Inflammation of the gastrointestinal tract contributes to the development of inflammatory bowel disease (IBD). Human IBD is modeled by administering dextran sulfate sodium (DSS) to mice. In humans and mice, inflammatory M1 macrophages contribute to the progression of IBD whereas immunosuppressive M2 macrophages protect against colitis. The TLR2/1 agonist PAM3CSK4 (PAM3) induces human and murine monocytes to differentiate into immunosuppressive M2 macrophages, suggesting that PAM3 might be of benefit in the prevention/treatment of colitis. PAM3 was therefore administered to mice treated with DSS. As hypothesized, the number of M2 macrophages rose and disease severity decreased. The critical role of M2 macrophages in this process was established by transferring purified M2 macrophages from PAM3 treated control donors into DSS recipients and reducing colitis. These findings suggest that PAM3 may represent a novel approach to the treatment of human IBD.

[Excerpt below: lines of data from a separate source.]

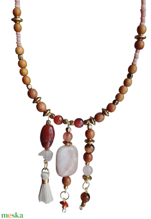 Fagyöngy, achát, jáspis, kvarc és üveggyöngyös nyaklánc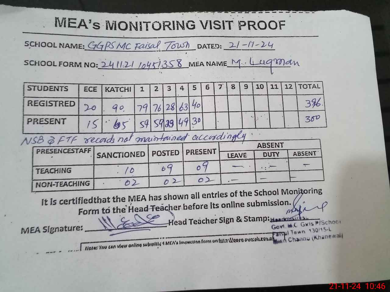 | EMIS Code: 36430275 | Name of School: GGPS MC 130/15-L FAISAL TOWN, MIAN CHANNU | |||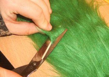 Step one select a color of fur and snip with you’re scissors a half of a finger length of fur off.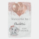 A welcome flag for a Baby Shower, celebrating a baby girl. A white background decorated with rose gold faux glitter drips, paint dripping look, balloons and a cute elephant baby girl. Personalize and add a name.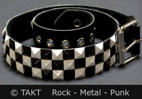 kožený pásek , zdobení - střídavě vedle sebe černé a bílé kovové pyramidy o velikosti 15x15mm, které jsou vsazeny ve třech řadách pod sebou. Kožený pásek je v černé barvě s klasickou kovovou přezkou. Šířka pásku je 4,7 cm.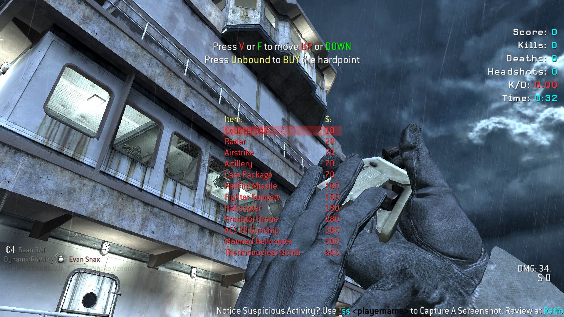 | Player | Server | Date | PlayerID | Screenshot | Report |
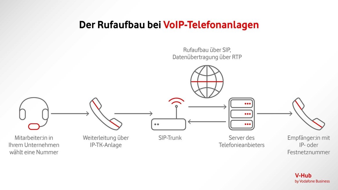 - Der Trunk vermittelt den Anrufversuch per Session-Initiation-Protocol (SIP) über das Internet an den Server Ihres Telefonieanbieters.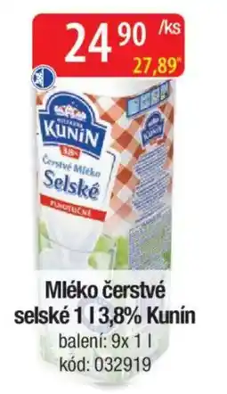Mléko čerstvé selské 3,8% Kunín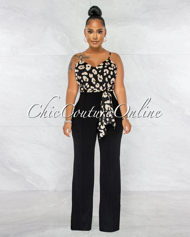 *Aubrey Black Nude Leopard Print Silky Top Two-Tone Jumpsuit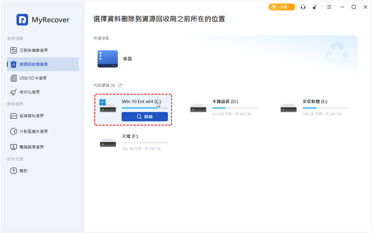 步驟 2. 開啟 MyRecover,然後選擇遺失檔案所在的磁碟機,通常會是「C:」 (如果檔案原本在你的桌面或使用者資料夾)。點擊「掃描」。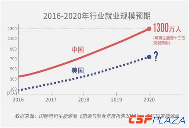 有關中國近年的綠色發展,專注環保的非營利性組織中外對話(China Dialogue)在會前發布相關分析:在可再生能源領域,中國創造了更多的就業崗位。2015年中國可再生能源領域就業總數為350萬人,此一數字在美國為76.9萬人。按照測算,中國可再生能源行業的就業規模在2020年將升至1300萬人,而在美國則將升至100萬人。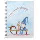 The words "I'll be gnome for Christmas" and a bearded gnome sitting on a decorated sleigh with Christmas gifts highlight this punny notebook.. Text is fully customisable.

胃肠道的炎症有助于炎症性肠病（IBD）的发展。通过将硫酸葡聚糖硫酸钠（DSS）给予小鼠来模拟人IBD。在人类和小鼠中，炎症性M1巨噬细胞可促进IBD的发展，而免疫抑制性M2巨噬细胞可预防结肠炎。TLR2 / 1激动剂PAM3CSK4（PAM3）诱导人和鼠单核细胞分化为免疫抑制性M2巨噬细胞，这表明PAM3可能在预防/治疗结肠炎中有益。因此，将PAM3施用于用DSS治疗的小鼠。如所假设的，M2巨噬细胞的数量增加并且疾病严重性降低。M2巨噬细胞在此过程中的关键作用是通过将纯化的M2巨噬细胞从经过PAM3处理的对照供体转移到DSS受体并减少结肠炎来确立的。这些发现表明，PAM3可能代表了一种治疗人IBD的新方法。